# [What is required]
Your answer is the lines below, exactly, from the one that contains "Fotografía 14. Microformación" through the one that contains "El proyecto ha", both included.

# [Exercise inputs]
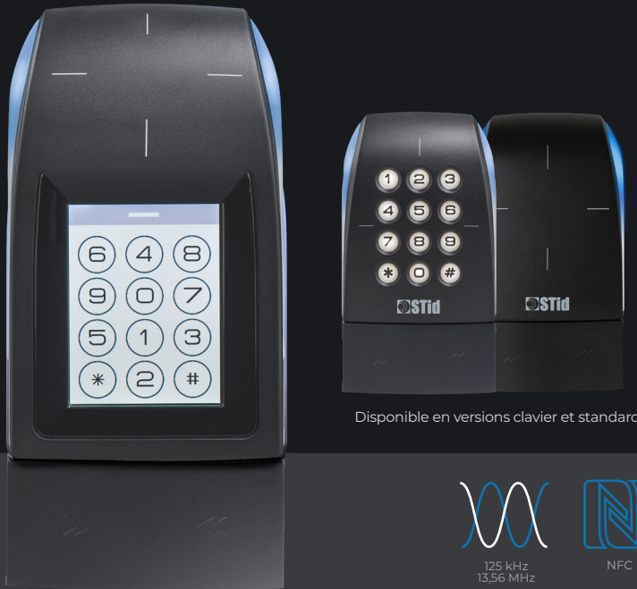
Disponible en versions clavier et standard

125 kHz, MIFARE® DESFIRE® EV2 & EV3, NFC
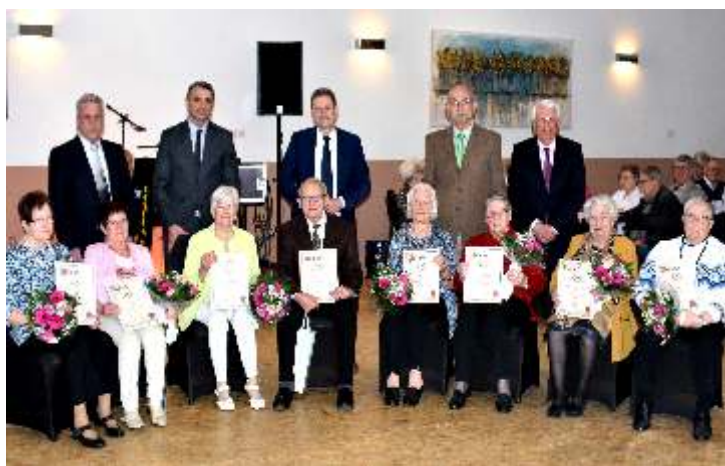
Invaliden- und Senioren- verein Setterich 1969
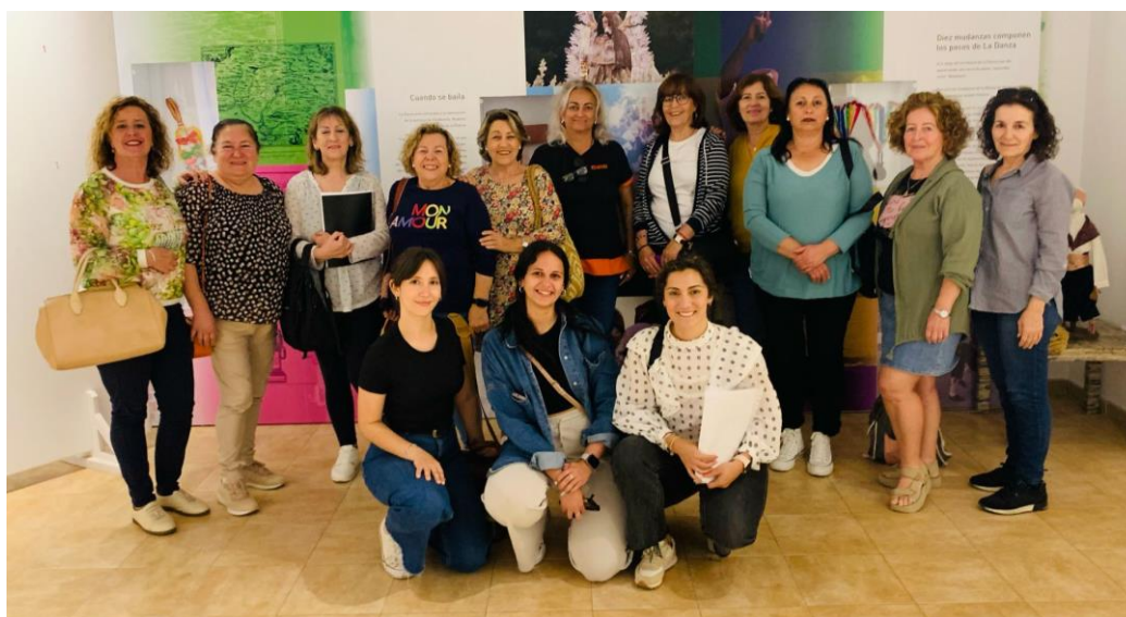
Fotografía 14. Microformación en materia de Trata de Seres Humanos a asociación de mujeres Atardecer de Villablanca (Huelva) 15.04.2025.

El proyecto ha permitido generar espacios seguros de información, confianza y participación, fortaleciendo la conciencia colectiva sobre la trata como una grave violación de los derechos humanos y promoviendo una cultura basada en la igualdad, la dignidad y la justicia social.
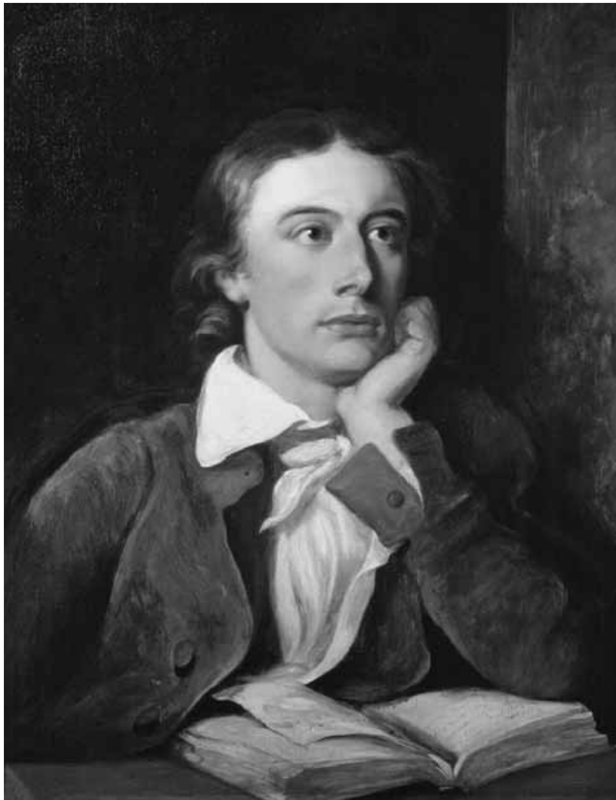
Ο Βρετανός ρομαντικός ποιητής Τζον Κιτς (1795-1821) σε έργο του Γουίλιαμ Χίλτον. Φέτος είναι η επέτειος των 200 χρόνων από τον θάνατό του.

# [Result of the task]
Fotografía 14. Microformación en materia de Trata de Seres Humanos a asociación de mujeres Atardecer de Villablanca (Huelva) 15.04.2025.

El proyecto ha permitido generar espacios seguros de información, confianza y participación, fortaleciendo la conciencia colectiva sobre la trata como una grave violación de los derechos humanos y promoviendo una cultura basada en la igualdad, la dignidad y la justicia social.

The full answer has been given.